Doctor Cawley is the director of the institution. He seems like a man who tries to bring together both currents. He never wants to treat the patients as criminals, advocates for the use of drugs, and tries to make it so the ill patients can live a “normal” life. But all that is in total contrast with the fact that he directs a mental institution completely shut off from the world, where they lock the patients up, and where they use lobotomies in extreme cases.

The patients

But the patients on Shutter Island aren’t just any patients. They’re all people who have committed terrible acts: they’ve murdered, harmed…But instead of putting them in jail, they send them to this institution, where there are different wards based on how dangerous the patients are.

mad woman

The disorders in Shutter Island

It’s impossible to talk about Shutter Island without giving out any spoilers, but basically it’s a movie with a lot of plot twists that give you some clues about the ending. But if you don’t want to know what happens stop reading now!

Although at the beginning it seems like a detective movie, Scorsese starts leaving some clues that maybe everything in Shutter Island isn’t exactly what it looks like. There are small details like how Chuck can’t get his pistol out as fast as a policeman should be able to.  Then there are bigger things like how Teddy starts to have hallucinations, how he starts to dream about his dead wife, the drugs Cawley gives Teddy for his migraines, etc. And all that will make you think that something strange is going on with our main character.

Daniels’ story

As the story moves forward, we see how Teddy Daniels starts to have migraines and memories come up from his past in World War II. He went through truly traumatic experiences there that deeply scarred his mind.
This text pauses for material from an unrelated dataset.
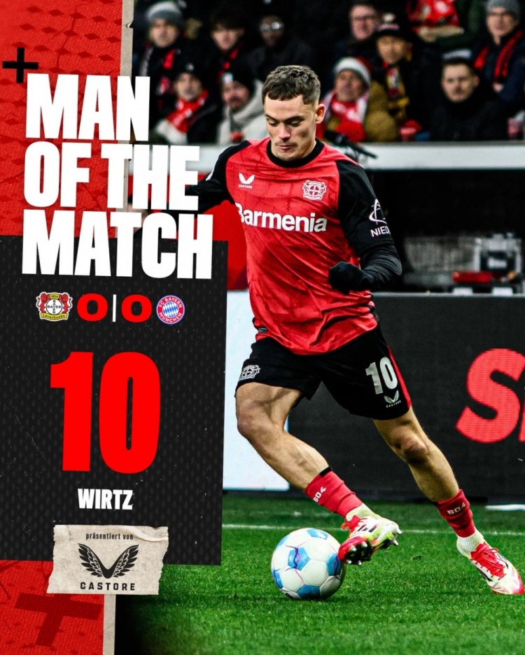2月17日訊 德甲第22輪焦點(diǎn)戰(zhàn),勒沃庫森主場0-0和拜仁握手言和。賽后,勒沃庫森官方宣布,維爾茨當(dāng)選本場比賽的隊內(nèi)最佳球員。

The images from the Dachau concentration camp are really hard for him to erase, and they take a toll on him in the present. When he got back from the war, Daniels shared a life with his wife Dolores and their three children, but he always invested himself in his work and didn’t spend much time with his family. But his way of “confronting” the ghosts from his past wasn’t great, and he had serious drinking problems

Daniels

Daniels starts to relive his past experiences through dreams and hallucinations. We can see that he’s probably a victim of a post-traumatic stress disorder because of the difficult things he’s been through. As the movie moves forward, we see that it wasn’t just World War II that scarred our main character. The story of his family left him scarred too. 
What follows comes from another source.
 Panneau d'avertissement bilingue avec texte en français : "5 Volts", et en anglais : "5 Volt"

His wife told him there was something talking in her head, like a kind of worm inside of her. Daniels was so wrapped up in his work and his own trauma that he didn’t pay any attention to his wife’s mental illness. And as a result, his wife’s health deteriorated and she ended up murdering their children. When Daniels finds out what happened, he kills his wife while sobbing.

The breakdown Daniels has afterwards

This all makes his stress get worse and he enters a state of denial and personality splitting. He invents characters in his head with anagrams like Andrew Laedis (who is Daniels himself) and Rachel Solando (his wife). He invents a fantasy where his wife died in a tragic fire started by this so-called Laedis. And in his fantasy he’s a federal agent who came to Shutter Island to investigate a mysterious disappearance.

Our main character creates a new reality and uses it to forget what happened in his past. He refuses to accept it and chooses to live a lie. He keeps on thinking about and investigating the supposed conspiracies and experiments happening on the island.

Doctor Cawley and his team let him carry on with his fantasy, hoping that he’ll realize there is no conspiracy. They want him to become aware of his past, accept it, and reach his own cure.

Shutter Island is definitely an interesting movie with themes about the history of psychiatry and psychology. and it masterfully plays with our minds and tricks all of our senses while it’s at it. Nothing is what it seems like in Shutter Island

Which would be worse: To live as a monster, or to die as a good man?

-Shutter Island-


This text is provided for informational purposes only and does not replace consultation with a professional. If in doubt, consult your specialist.